Sex positive people believe that everyone, regardless of gender or sexuality, is entitled to experience pleasure on their own terms, whether that's trying no-strings sex apps, embracing female masturbation, or speaking openly about the joys of tantric sex with a partner. It's a progressive philosophy that has been endorsed by millions, especially educators and sexual health professionals, and wellbeing businesses. So why is the sex positivity movement so important? Not everybody agrees with the idea that sex is nothing to be ashamed of. People can have strong reactions when it comes to sex, whether because of cultural or religious beliefs, their upbringing, personal experiences, or the type (or lack of) sex education they've received.

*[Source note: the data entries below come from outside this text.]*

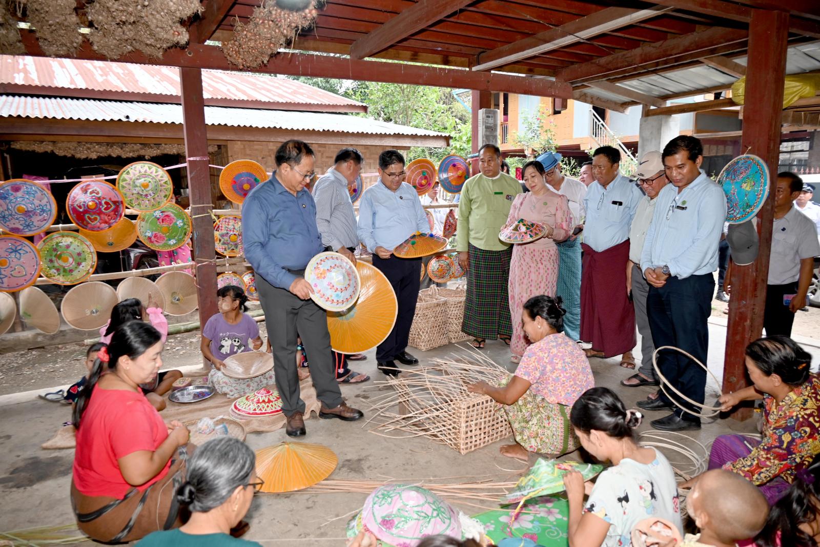 ထို့နောက် အဆိုပါရပ်ကွက်အတွင်း ပိုင်ရှင်ဦးသိန်းဝင်း၏ မိသားစုတစ်ပိုင်တစ်နိုင် စီးပွားရေး လုပ်ငန်းများဖြစ်သည့် ခမောက်လုပ်ငန်း ဆောင်ရွက်နေမှုများကို လည်းကောင်း၊ မိုးဒါးစုရပ်ကွက် အတွင်း ပိုင်ရှင်ဒေါ်စီစီ၏ တံမြက်စည်း လုပ်ငန်းဆောင်ရွက်နေမှုများကို လည်းကောင်း၊ နောင်စွန်း ရပ်ကွက်အတွင်း ပိုင်ရှင်ဦးလှမြိုင်၏ ဝါး၊ ကြိမ်ခြင်းရက်လုပ်ခြင်းလုပ်ငန်း ဆောင်ရွက်နေမှုများကို လည်းကောင်း၊ ထိုမှတစ်ဆင့် နားခါရပ်ကွက်၊ ရန်ကင်းရပ်ရှိ ပိုင်ရှင်ဦးထွန်းဖေ၏ ဝါး၊ ကြိမ်ပစ္စည်းများ အသုံးပြု၍ လူသုံးကုန်ပစ္စည်းအမျိုးမျိုးထုတ်လုပ်မှုလုပ်ငန်း ဆောင်ရွက်နေမှုများကိုလည်းကောင်း၊ ပိုင်ရှင် ဦးထွန်းထွန်း၏ ဝါးခမောက် လုပ်ငန်းဆောင်ရွက်နေမှုများကို လည်းကောင်း လှည့်လည်ကြည့်ရှုစစ်ဆေးခဲ့ကြပြီး မိသားစုတစ်ပိုင်တစ်နိုင် စီးပွားရေးလုပ်ငန်းများ ပိုမိုအကျိုးဖြစ်ထွန်းစေရေး အတွက် ဈေးကွက်ရရှိမှု အခြေအနေများ၊ နိုင်ငံ့စီးပွားမြှင့်တင်ရေး ရန်ပုံငွေဖြင့် ရင်းနှီးမတည်ငွေ ပံ့ပိုးပေးနိုင်ရေးတို့အတွက် ဆွေးနွေးဆောင်ရွက်ခဲ့ကြသည်။
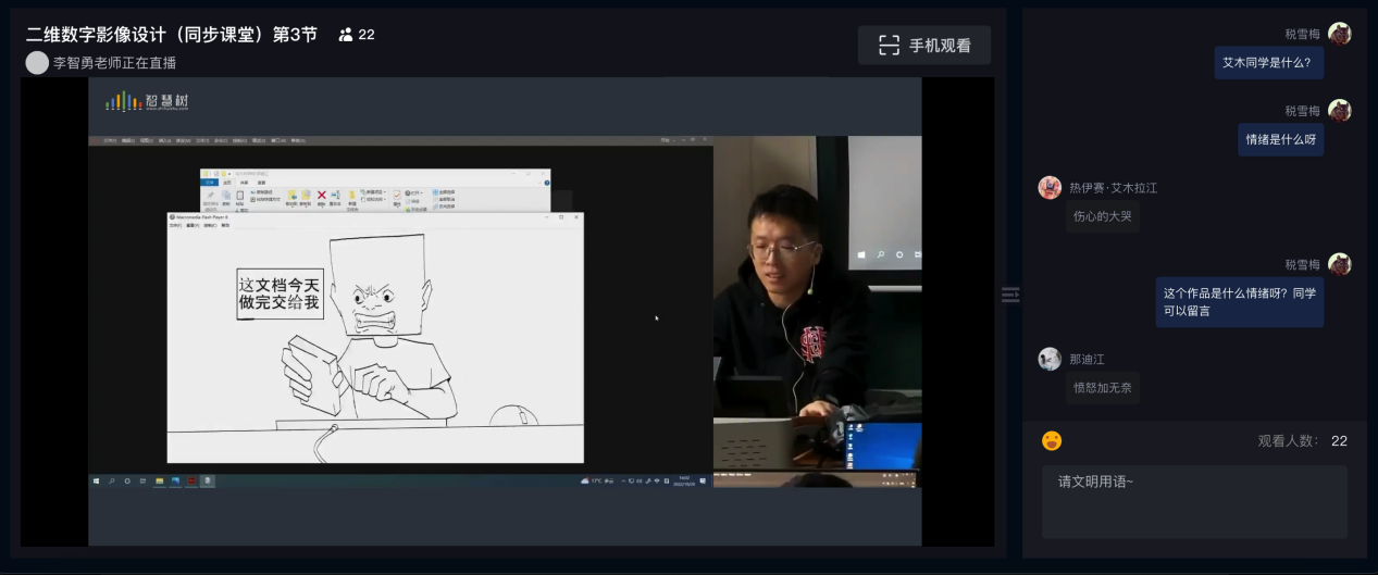 数字动画基础是中国传媒大学动画专业大一年级的必修课,也是新生入学后第一门涉及创作的动画专业课。该课程将动画艺术与技术结合讲授,基于软件展开充分的创作实践,能够引领动画新人快速入门。李智勇老师幽默风趣的讲授,为新疆艺术学院的动画学子带来了全新的体验,课程受到新疆艺术学院师生的高度好评。同学们纷纷表示,李智勇老师的课程让他们对于动画艺术充满了兴趣与求知欲。2021级动画专业学生蒲承欢在课后说:“李老师讲课幽默生动,课堂气氛很好。在认真传授知识的同时让我觉得软件并没有那么的枯燥。”新疆艺术学院传媒学院动画专业教师巴音查汗则表示:“同步课堂打破了地域限制,让我们的学生在新疆也能畅享中国传媒大学高水平的动画专业课,这对于支援提高西部地区高校的教学水平有着重要意义。” 李智勇老师表示,两地学子同上一门课,是信息化时代教学的重要创新,对于师生而言,不仅是挑战,更是机遇。
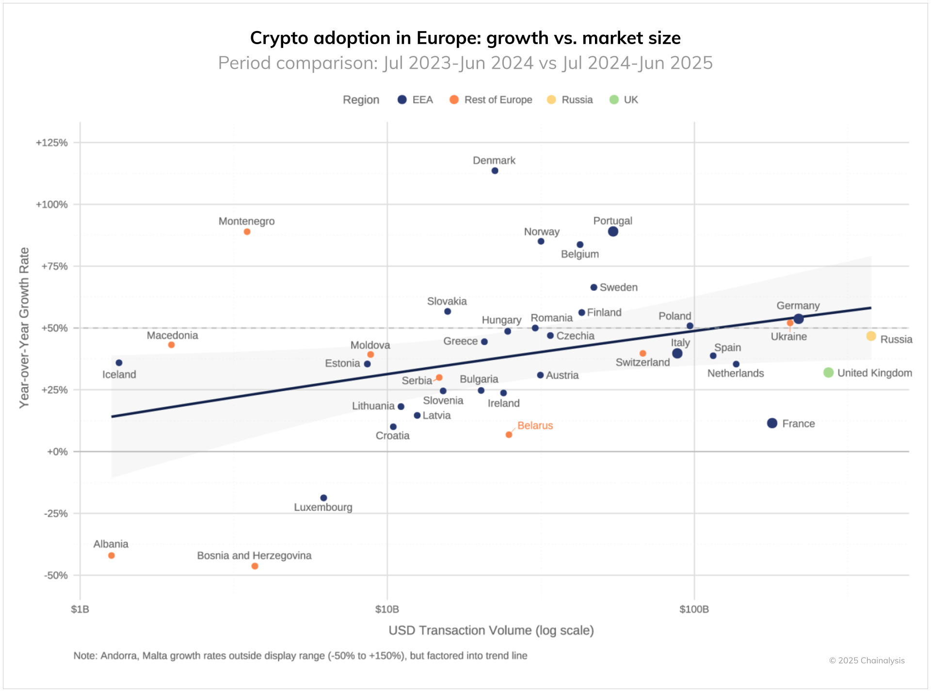 По данным аналитиков, резкий рост обеспечили крупные институциональные переводы — транзакции свыше $10 млн увеличились на 86%, что почти вдвое выше среднего показателя по Европе.
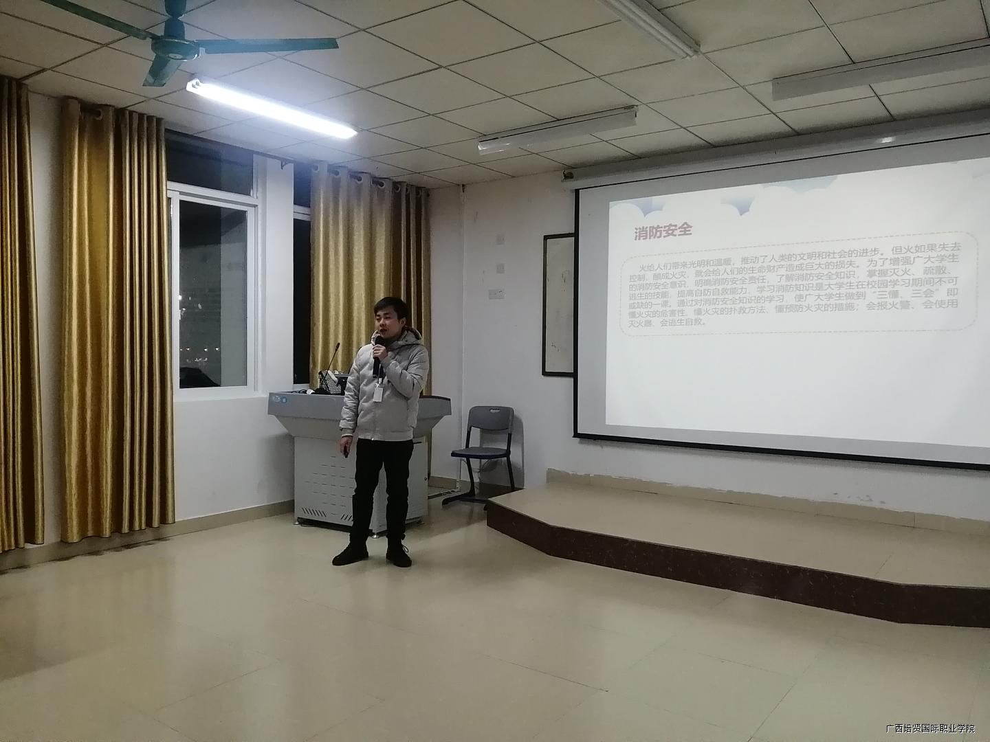 农业涛老师带来的主题班会是“消防安全”,他联系学校生活中存在的各种消防隐患引出主题,结合PPT向同学们展示各种消防工具的使用🗃,以及火灾现场如何自救等。

Over the years, we've seen sex and sexuality sensationalized by media, and much of the TV we watch or news we've likely been reading encourages us to place sex in one of two camps—the permissive but ultimately problematic, performative, and informed by the male gaze, or the criminalized, debauched and demonized. Many of our views about sex, whether influenced by family, education, media, culture, or something else, are at odds with sex positivity.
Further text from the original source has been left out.